In a previous study, Ahmadi and Riazipour revealed that G. lucidum could improve macrophage function through cytokine and NO release (Ahmadi and Riazipour, 2007). Besides, several pharmacological studies have shown that G. lucidum can play an antitumor role through the regulation of the immune system (Boh et al., 2007). A finding suggested that the triterpenes of G. lucidum inhibited anti-lung cancer in vitro and in vivo via enhancement of immunomodulation and induction of cell apoptosis (Liang et al., 2013). Therefore, it can be predicted that GLS may affect the formation and phagocytic function of macrophages to exert the immunomodulatory effect.

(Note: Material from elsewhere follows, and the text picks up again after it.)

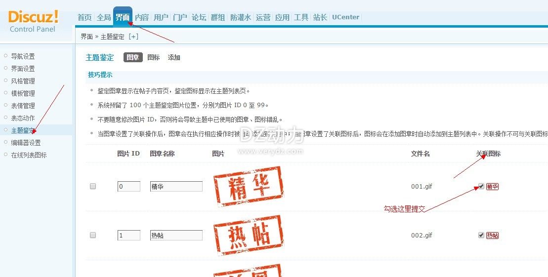 (關聯圖標的用途是將帖子內顯示的主題圖章和版塊列表頁顯示的圖標相關聯,例如將“熱帖”小圖標打鉤,則在帖子被蓋章為“熱帖”時,列表頁也會增加一個“熱帖”圖標)

Among the compounds identified in G. lucidum, triterpenoids are most widely investigated. Besides the anticancer activities which have been reported by many studies, triterpenoids also showed good immunomodulatory effects. It has been reported that the triterpenoids extract from G. lucidum have anti-inflammatory and anti-proliferative effects, which are mediated through the inhibition of NF-κB and AP-1 signaling pathways in macrophages (Dudhgaonkar et al., 2009). As a major triterpene of GL and GLS, previous studies suggested that Ganoderic acid A played a role in immunomodulation through inhibiting the release of proinflammatory mediators like IL-1β, IL-6 and TNF-α (Chi et al., 2018). A study also suggested that Ganoderic acid A-treatment not only enhanced cell-mediated immune responses, but also potentiated antitumor immune responses by activating IFN-γ producing CD8+ T cells (Radwan et al., 2015). Liu et al. found that ganoderic acid C1 had an effect on immune system and significantly suppressed murine macrophage TNF-α production, which was associated with suppression of NF-κB (Liu et al., 2015). These studies gave possible direction of our further mechanism study.

Conclusion

This work demonstrates the feasibility of mass spectrometry molecular networking coupled with zebrafish-based bioassays and chemometrics for active constituent identification of complex herbal medicine. An efficient MS data processing method integrating molecular networking and targeted LC-MS analysis was established to comprehensively profile GLS, leading to the characterization of 109 constituents. Immunomodulatory activities of different GLS samples were evaluated by zebrafish models of neutrophil or macrophage deficiency, in which RGLS showed better therapeutic effects than BGLS. Moreover, a three-dimensional activity index approach based on PLSR was developed to identify active constituents in GLS that were effective on all the three bioassays, which included 20-hydroxylganoderic acid G, elfvingic acid A, elfvingic C, and etc. Future works are needed to validate the pharmacological effects of these compounds using purified substances on various in vivo assays. Also possible for further work is employing ions in the molecular network rather than identified peaks for correlation analysis, to explore the potential relationship between bioactivities and certain ions/structures.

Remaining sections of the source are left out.